§ **Problem description**
What is wanted is every line below from the one with "塩釜赤身。シャリはロゼ。酸味もあり美味しい。" up to and including the one with "Ever Dirty」18歳以上/成人向け版をダウンロード! パーティーゲームにちょっとしたスキャンダルはつきものですからね。", retyped exactly, pictures excluded, nothing else.

§ **Record excerpts**
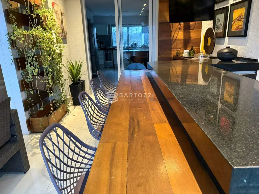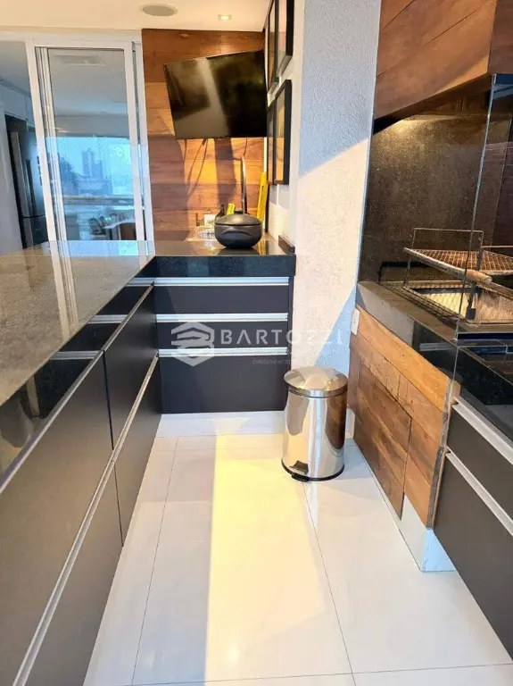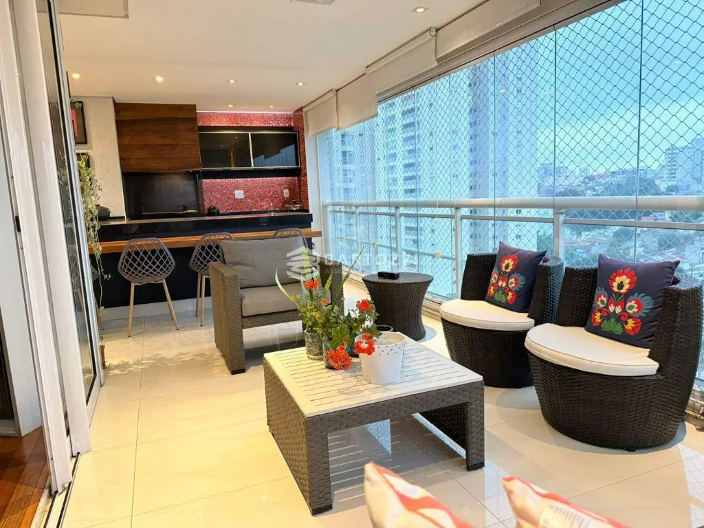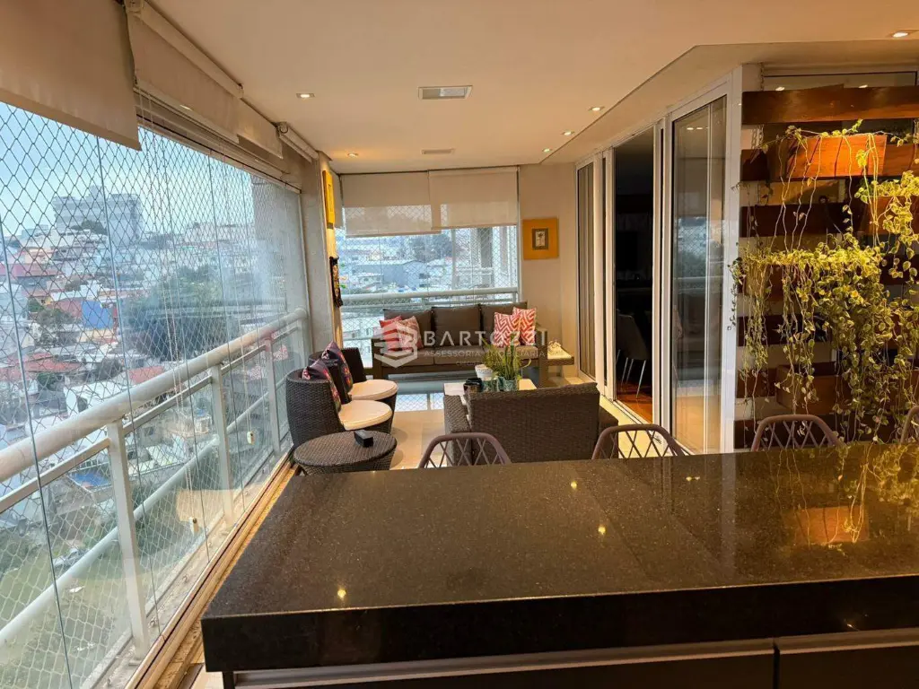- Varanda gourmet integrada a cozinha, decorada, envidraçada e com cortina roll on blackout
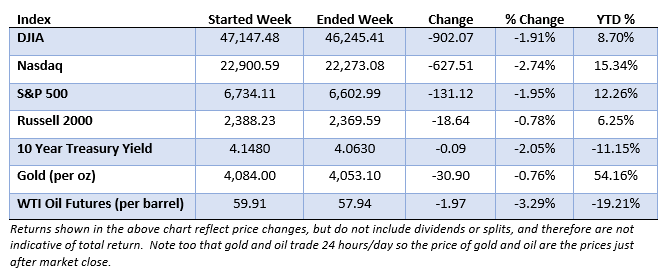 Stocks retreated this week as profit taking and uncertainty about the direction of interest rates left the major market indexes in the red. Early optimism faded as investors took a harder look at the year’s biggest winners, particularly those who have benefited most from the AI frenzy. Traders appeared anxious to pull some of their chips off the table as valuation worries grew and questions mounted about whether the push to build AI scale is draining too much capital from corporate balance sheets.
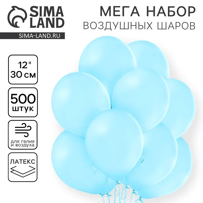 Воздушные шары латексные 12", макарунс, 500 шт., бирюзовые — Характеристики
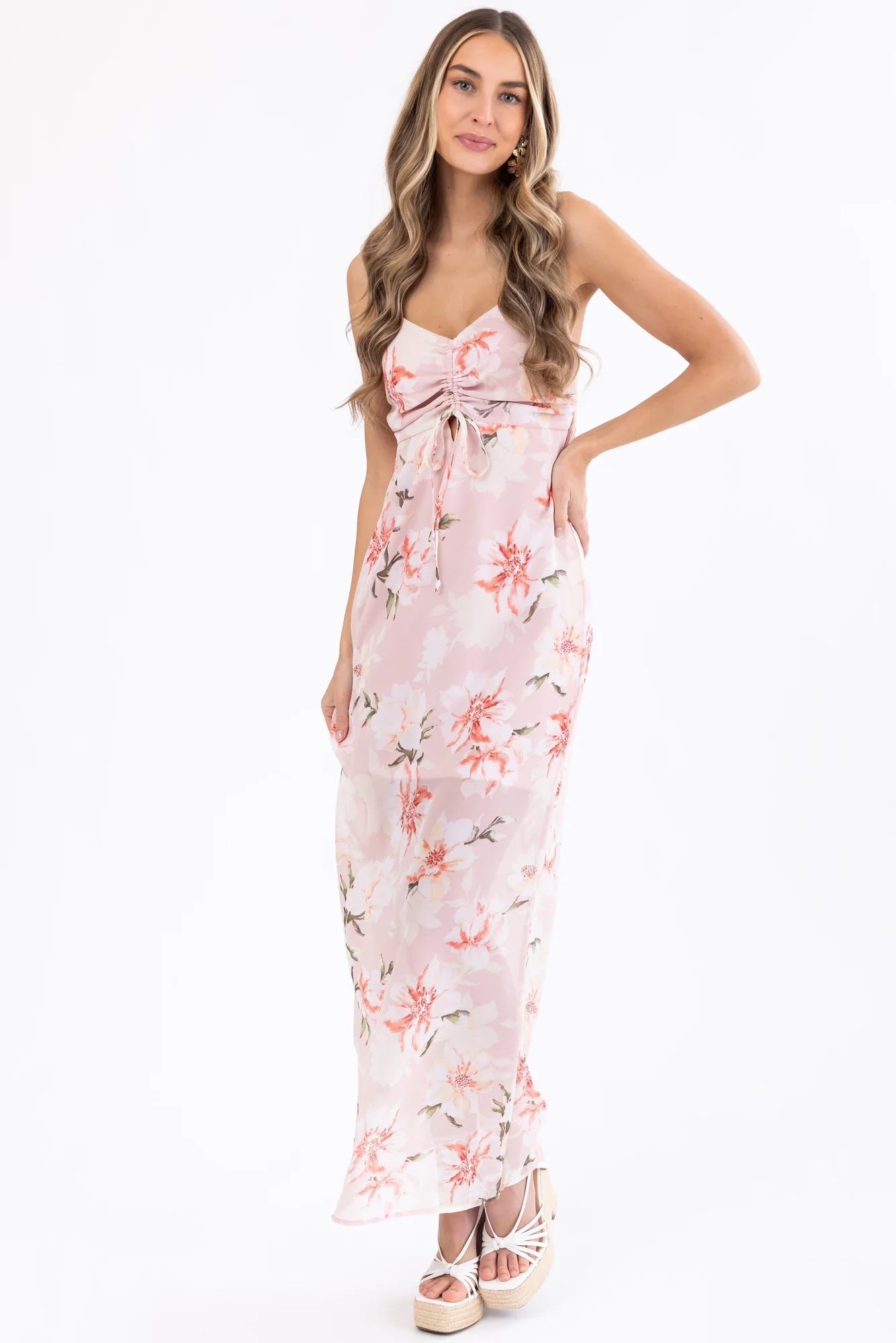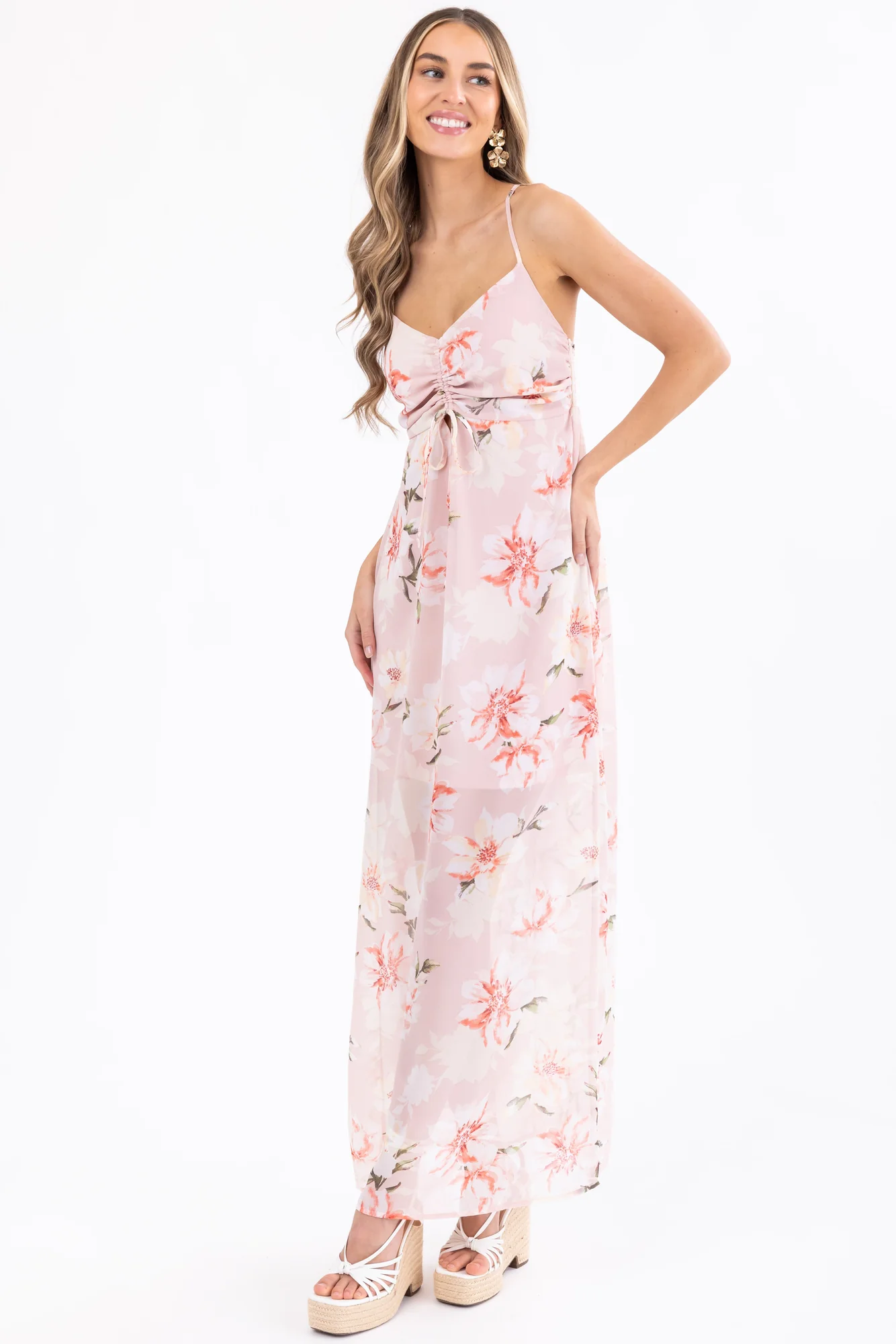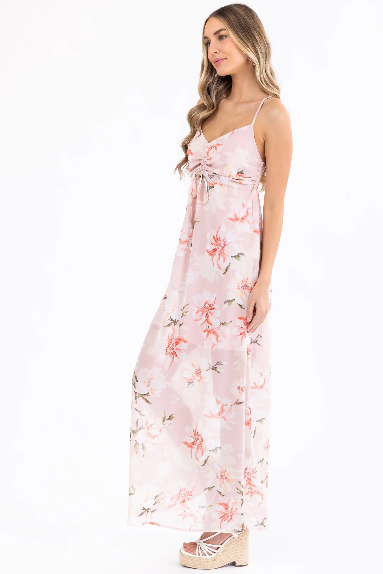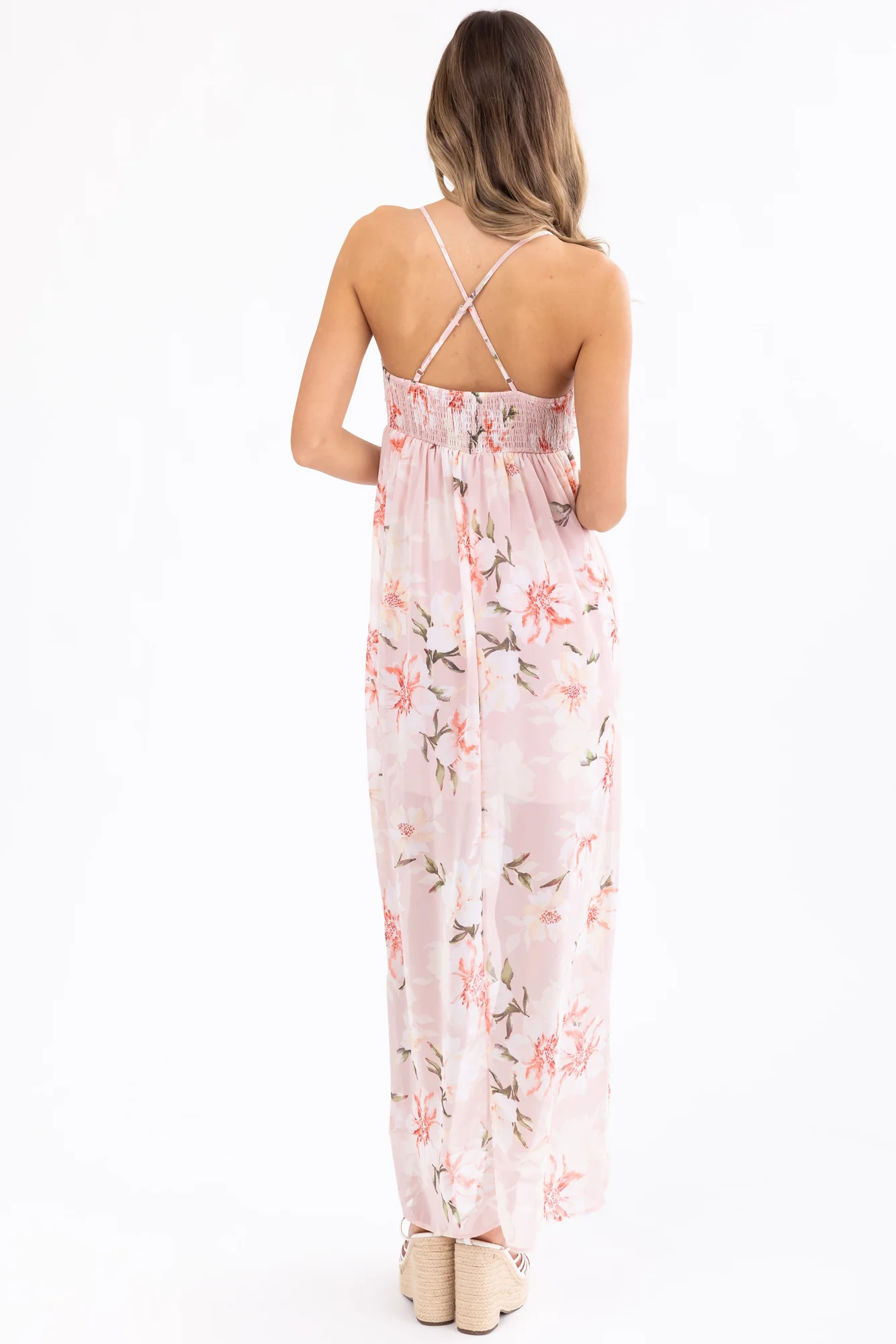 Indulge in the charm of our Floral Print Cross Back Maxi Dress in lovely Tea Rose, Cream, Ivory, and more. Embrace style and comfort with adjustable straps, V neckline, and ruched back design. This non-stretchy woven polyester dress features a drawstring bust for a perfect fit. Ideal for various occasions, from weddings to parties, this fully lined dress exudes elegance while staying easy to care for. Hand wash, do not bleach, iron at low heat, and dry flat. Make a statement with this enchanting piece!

---

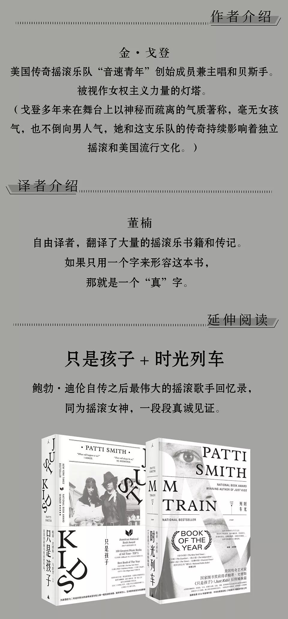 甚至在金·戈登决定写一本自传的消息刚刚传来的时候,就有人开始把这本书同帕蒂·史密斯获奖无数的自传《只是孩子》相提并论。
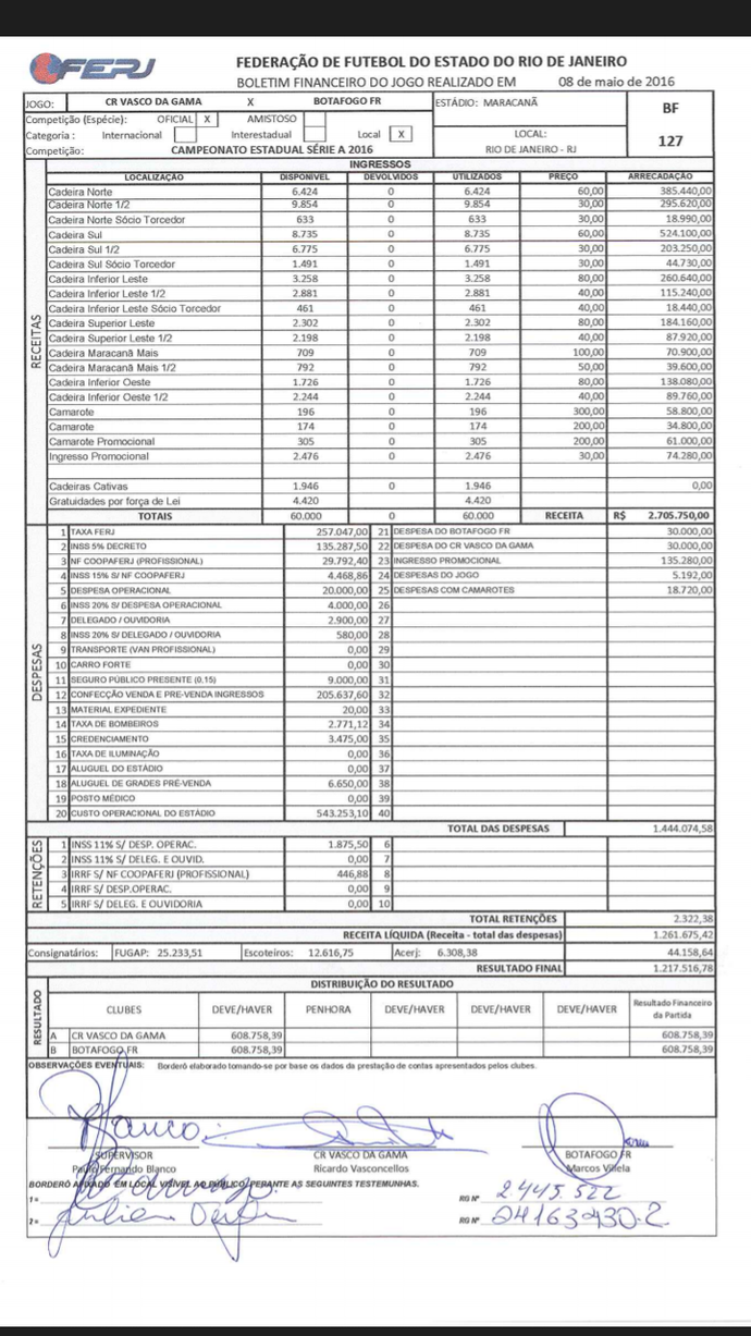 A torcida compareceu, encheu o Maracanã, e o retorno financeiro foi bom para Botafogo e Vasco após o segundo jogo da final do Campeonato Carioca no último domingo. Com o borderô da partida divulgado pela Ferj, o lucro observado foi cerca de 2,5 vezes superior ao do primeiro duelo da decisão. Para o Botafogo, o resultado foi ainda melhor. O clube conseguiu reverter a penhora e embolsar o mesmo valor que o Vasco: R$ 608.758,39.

---

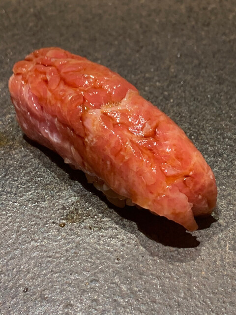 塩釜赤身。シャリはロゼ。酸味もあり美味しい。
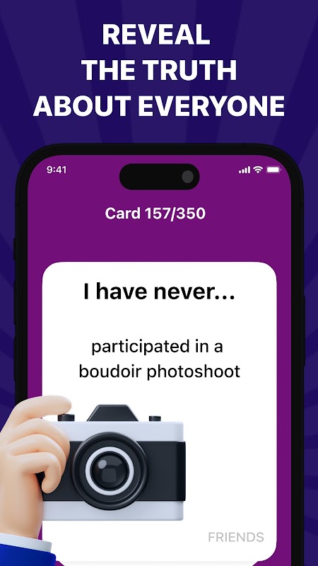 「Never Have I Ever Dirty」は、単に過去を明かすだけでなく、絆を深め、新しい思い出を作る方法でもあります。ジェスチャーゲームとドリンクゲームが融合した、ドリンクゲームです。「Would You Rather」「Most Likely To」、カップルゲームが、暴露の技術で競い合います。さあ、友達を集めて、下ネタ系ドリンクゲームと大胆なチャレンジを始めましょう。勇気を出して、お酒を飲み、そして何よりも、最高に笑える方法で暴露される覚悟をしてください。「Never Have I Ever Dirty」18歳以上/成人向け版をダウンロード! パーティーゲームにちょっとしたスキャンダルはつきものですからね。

§ **Exercise solution**
 塩釜赤身。シャリはロゼ。酸味もあり美味しい。
 「Never Have I Ever Dirty」は、単に過去を明かすだけでなく、絆を深め、新しい思い出を作る方法でもあります。ジェスチャーゲームとドリンクゲームが融合した、ドリンクゲームです。「Would You Rather」「Most Likely To」、カップルゲームが、暴露の技術で競い合います。さあ、友達を集めて、下ネタ系ドリンクゲームと大胆なチャレンジを始めましょう。勇気を出して、お酒を飲み、そして何よりも、最高に笑える方法で暴露される覚悟をしてください。「Never Have I Ever Dirty」18歳以上/成人向け版をダウンロード! パーティーゲームにちょっとしたスキャンダルはつきものですからね。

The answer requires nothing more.